We put the Bose SoundDock Portable through the Gadget Five Question User.

1. Ease of use (including set-up)

Although the Bose SoundDock Portable, comes with instructions, they are not needed and in most cases, it will be ready to operate the minute it is removed from the box and an iPhone or iPod is plugged into it.

If the batteries on either the phone or docking station are flat though, the charger needs to be plugged into it before it can be used. You don’t need to wait for the batteries to charge fully before using it.

Bose has taken the minimalist approach with the SoundDock as on the right are two touch-sensitive Volume buttons and that’s it. No Power or other controls. The included remote is also very easy to use. It uses standard Play, Pause, Volume and Skip buttons, all well labelled.

The front of the docking station is made up of a silver grill, below which is the retractable iPhone dock. Although the casing around the connector is designed to accommodate an iPhone’s protective skin, it was not big enough to for the bumper I had on my phone, which meant I had to take the phone out of the case every time I wanted to plug it in.

On the plus side though, unlike many other portable docking stations, the Bose will charge a docked phone even if it is just running off battery power.

The Bose SoundDock Portable’s ease of use along with its elegant design cannot be faulted. But its dock connector counts against it.

Score: 18/20

2. General performance

The two front facing speakers offer crisp sounds and when the volume is cranked up all the way the SoundDock does not distort at all and is deafeningly loud.

At the rear is 3.5mm jack, allowing you to connect non-Apple phones, MP3 players and other audio equipment.

According to Bose, the 1 900mAh rechargeable battery pack will offer up to three hours of music at a maximum volume a different approach to rating battery life as most other vendors rate operating times at ‚”typical listening volumes‚”. I have been using the SoundDock on and off and not at full tilt for the past week without having to plug the mains adapter in yet.

This is however a good thing.
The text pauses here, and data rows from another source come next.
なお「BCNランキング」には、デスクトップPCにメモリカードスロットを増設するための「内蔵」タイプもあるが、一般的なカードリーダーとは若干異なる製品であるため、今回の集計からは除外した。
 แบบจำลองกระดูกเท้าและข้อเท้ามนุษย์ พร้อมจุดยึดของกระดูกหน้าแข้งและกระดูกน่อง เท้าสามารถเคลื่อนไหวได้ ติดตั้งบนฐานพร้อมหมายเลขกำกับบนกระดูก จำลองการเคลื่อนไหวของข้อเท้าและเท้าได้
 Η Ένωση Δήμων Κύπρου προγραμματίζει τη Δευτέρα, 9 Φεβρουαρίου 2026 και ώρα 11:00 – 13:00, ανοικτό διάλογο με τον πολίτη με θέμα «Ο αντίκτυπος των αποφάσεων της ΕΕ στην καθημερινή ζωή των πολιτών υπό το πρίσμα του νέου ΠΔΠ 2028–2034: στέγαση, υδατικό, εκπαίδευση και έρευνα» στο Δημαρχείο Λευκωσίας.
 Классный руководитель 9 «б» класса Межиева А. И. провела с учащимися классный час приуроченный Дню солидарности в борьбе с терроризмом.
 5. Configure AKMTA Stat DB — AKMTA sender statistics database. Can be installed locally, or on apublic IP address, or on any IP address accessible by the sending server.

Although the Bose SoundDock Portable is elegant and well made, Bose didn’t pay to much attention to the adaptor. It is a bit bigger than two cellphone chargers placed next to each other. It monopolises all the other electrical outlets, when plugged into the wall, meaning you need a dedicated plug for when you want to charge the battery.
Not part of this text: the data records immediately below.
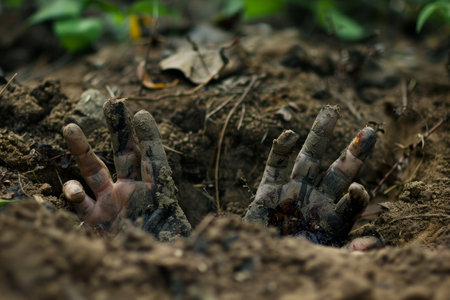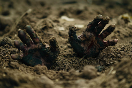 Two hands covered in dirt and debris emerge from the ground in a dense forest, suggesting an eerie and mysterious situation during the twilight hours.
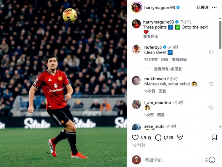 马奎尔在Instagram晒图并写道:“三分到手,目光投向下一场比赛。”
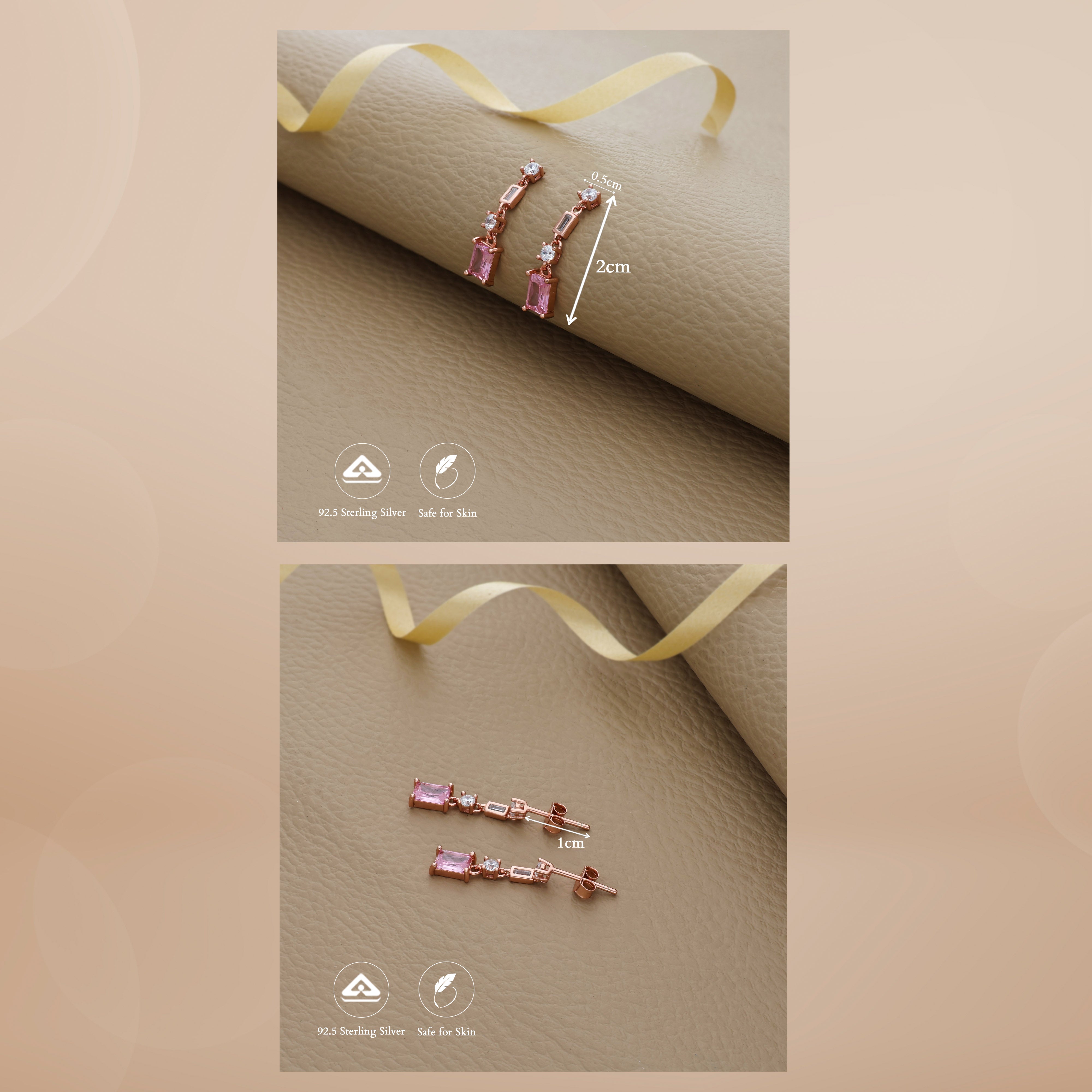 Linear Pink Rose Gold 925 Silver Drop Earring
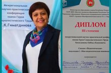 Поздравляем Хакимову Гульназ Фаилевну. Она удостоилась диплома III степени в Межрегиональной научно-практической конференции имени Героя Социалистического труда Г.К.Гиматдинова".
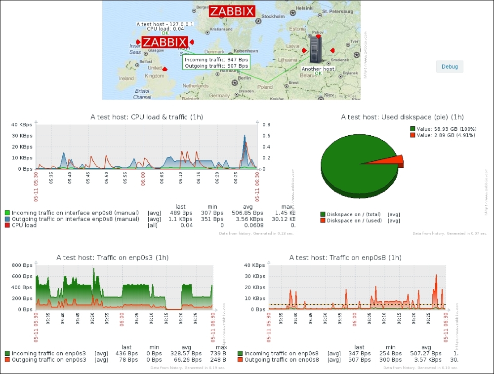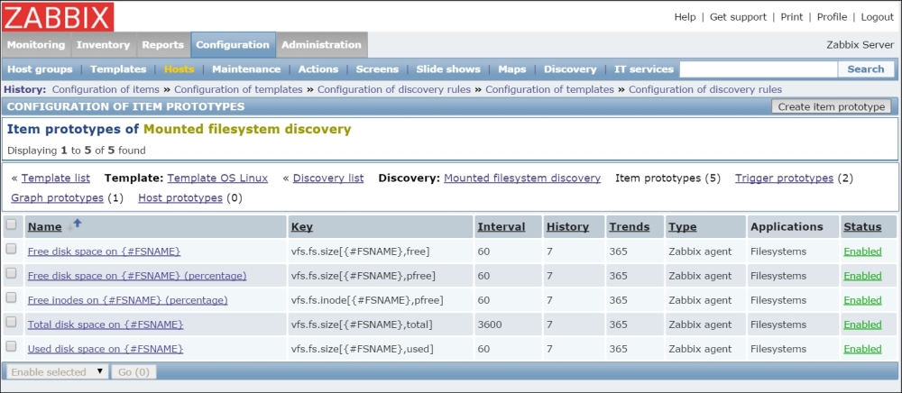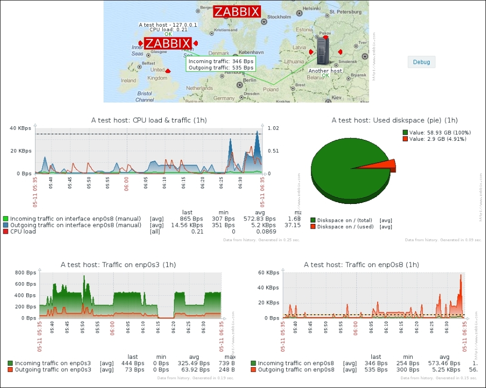 Notice how the system in this screenshot actually has an interface named enp0s8, not eth0. We will find out how to allow Zabbix to worry about interface names and discover them automatically in Chapter 12, Automating Configuration.
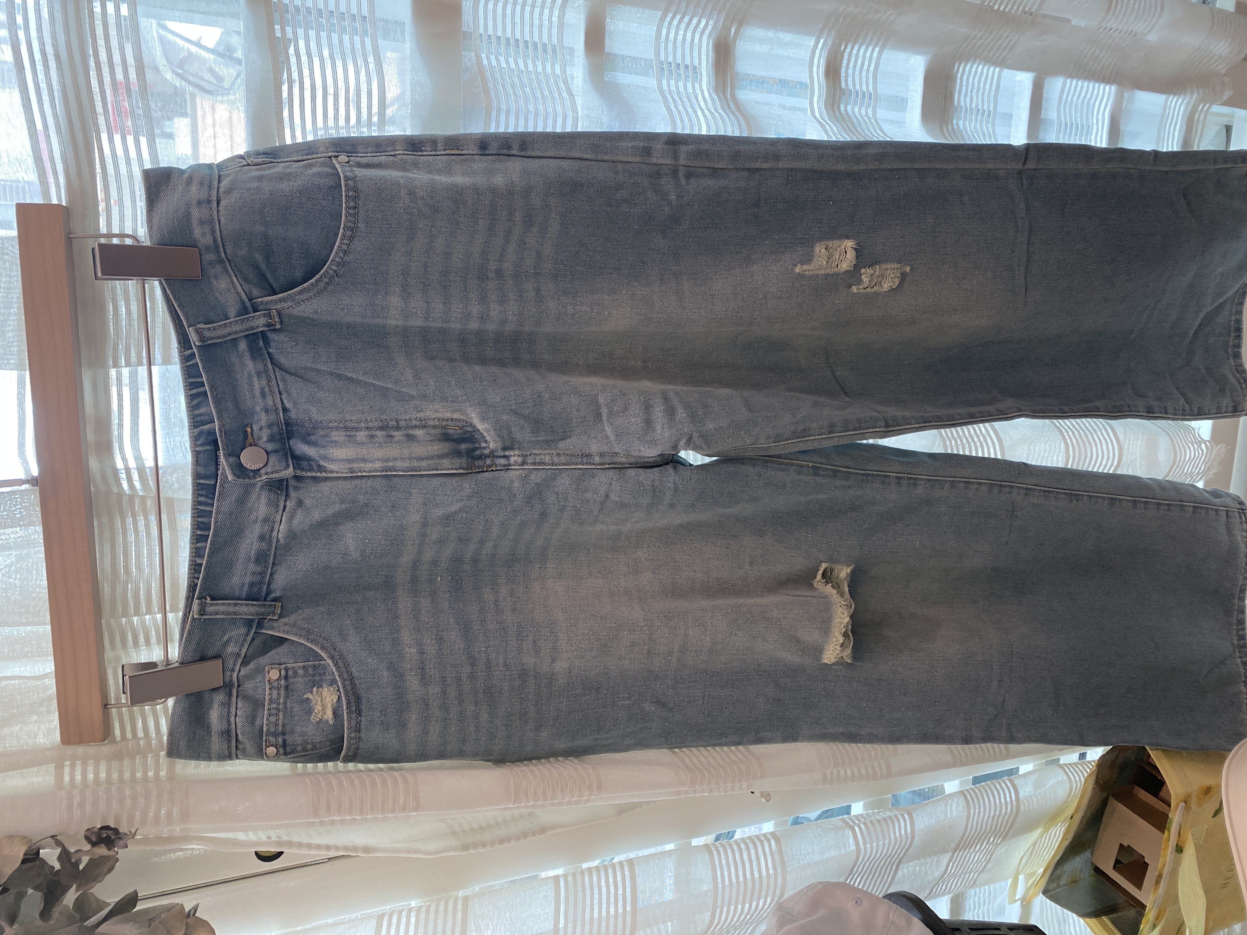 ✨4546号-帅气洗旧腰带牛仔阔腿长裤
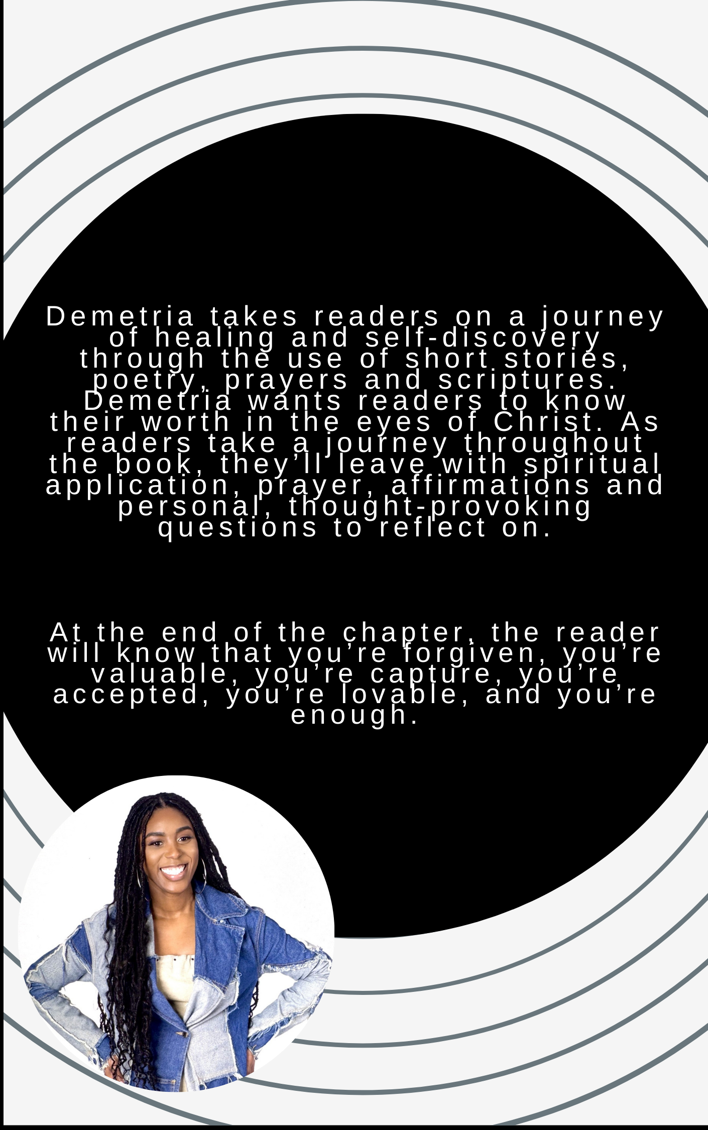 Demetria’s heart is to awaken vision in believers- helping them see Cleary, live boldly, and walk with purpose. Her words carry the assignment of healing, identity, and spiritual confidence, and her greatest desire is that every reader feels seen, strengthened, and spiritual realigned.

The Bose SoundDock Portable provides a beautiful sound, its battery life is great, but the giant-sized charger is a complete let down.

Score: 12/20

3. Does it add value to your life?

Unlike many docking stations that are designed for bedside listening, the Bose SoundDock Portable is powerful enough to offer good sound in an average sized dining room or lounge.

Weighing in at just under three kilograms, it is not the lightest of them all, but the rear, recessed-handle makes carrying it fairly easy. (A carry bag is available as an optional extra.) Overall, it is a nice addition for a picnic or where an electrical outlet is not available.

18/20

4. Innovation

Sound docks have been around for years, and although the SoundDock offers superior sound, it offers nothing in the way of innovation. In fact, the lack of Bluetooth or any wireless connectivity for that matter is limiting.

13/20

5. Value for money

Much like the die-hard Apple Mac fans that will spend more on a product that performs much the same as cheaper alternatives, you get the same in the audio/visual world.
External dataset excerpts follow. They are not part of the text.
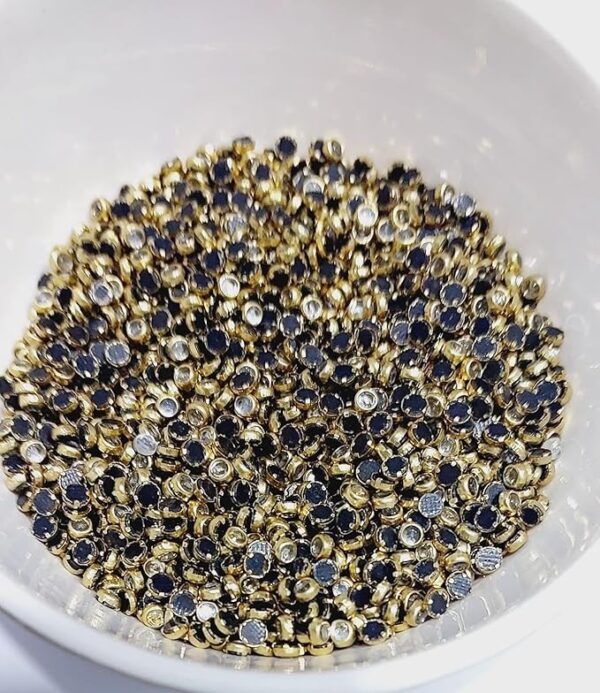 Premium Round Kundan Stones – White & Champagne Faceted Crystals in Gold-Plated Brass Settings for Aari Embroidery, Bridal Couture, and Jewelry Making(50g) – 3mm
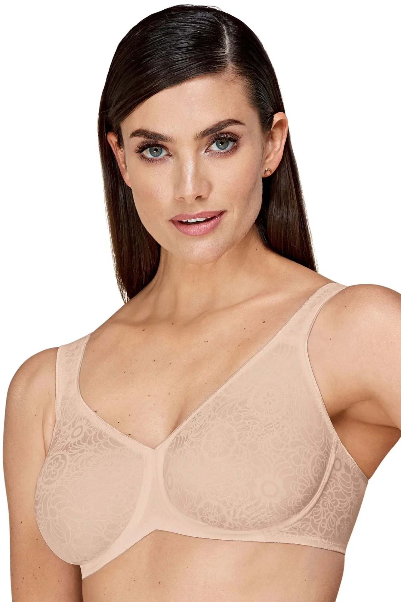 Dámská podprsenka Lovely minimizer WX beige Triumph - béžová barva - z hladkého materiálu - s květovaným vzorem - opticky zmenšuje velikost prsou až o jednu velikost košíčku - s kosticemi - nastavitelná ramínka - zapínání vzadu
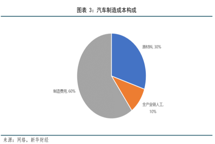 而在汽车的制造成本中,原材料占25%-30%,全产业链人工占比10%,制造费用占比约60%。
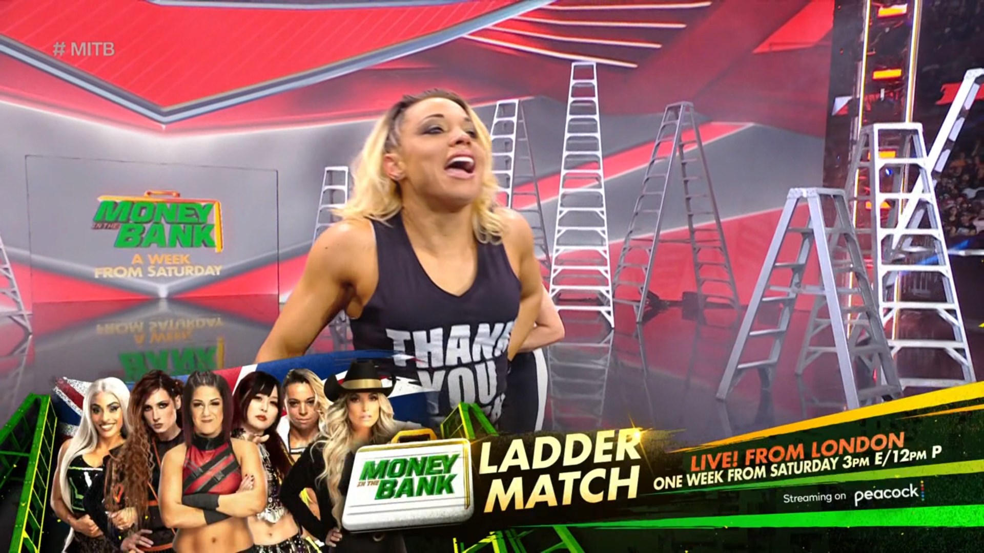 El episodio de esta semana en Cleveland, Ohio vio el último combate clasificatorio de las mujeres de RAW camino al evento en Londres. Trish Stratus se vio muy pareja ante Raquel Rodriguez por varios minutos hasta que Becky Lynch apareció para atacar a ambas mujeres. La descalificación favoreció a Stratus, quien se unirá a la lucha de escaleras que elegirá a la próxima "Ms. Money in the Bank". La ganadora obtendrá un contrato que podrá canjear por una lucha titular en cualquier momento y lugar durante el plazo de un año.
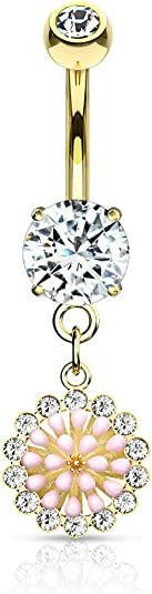 Surgical Steel Pink Enamel Cluster With CZ Around Dangle Round CZ Belly Navel Ring
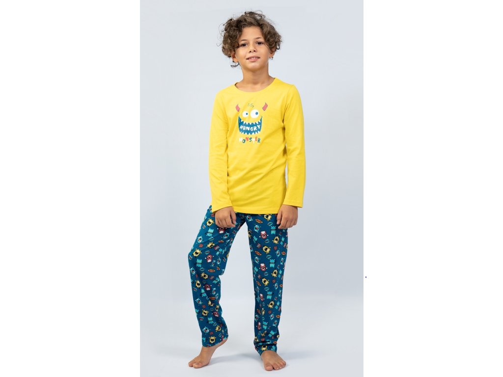 Detské bavlnené pyžamo dlhé Monster. Detské pyžamo sa skladá z trička s dlhým rukávom a dlhých nohavíc. Na triku je obrázok rozosmiatej hladnej príšerky, podobný motív sa opakuje aj na dlhých nohaviciach. Použitý bavlnený materiál je príjemný a poddajný na dotyk.
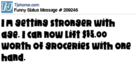 - # 208833 I’m getting stronger with age. I can now lift $100 worth of groceries with one hand.

This becomes especially clear when reading the various reviews posted on the Internet. Reviewers either dislike the Bose SoundDock Portable due to it price, while others like it, saying the sound quality justifies the price.

But at R5 000 for a docking station I would have to agree with the former reviewers. R5 000 is ridiculously overpriced, even though it offers superior sound.

10/20

Conclusion

There is no faulting the Bose SoundDock Portable in terms of elegance and sound, but its clunky charger and high price are complete turnoffs.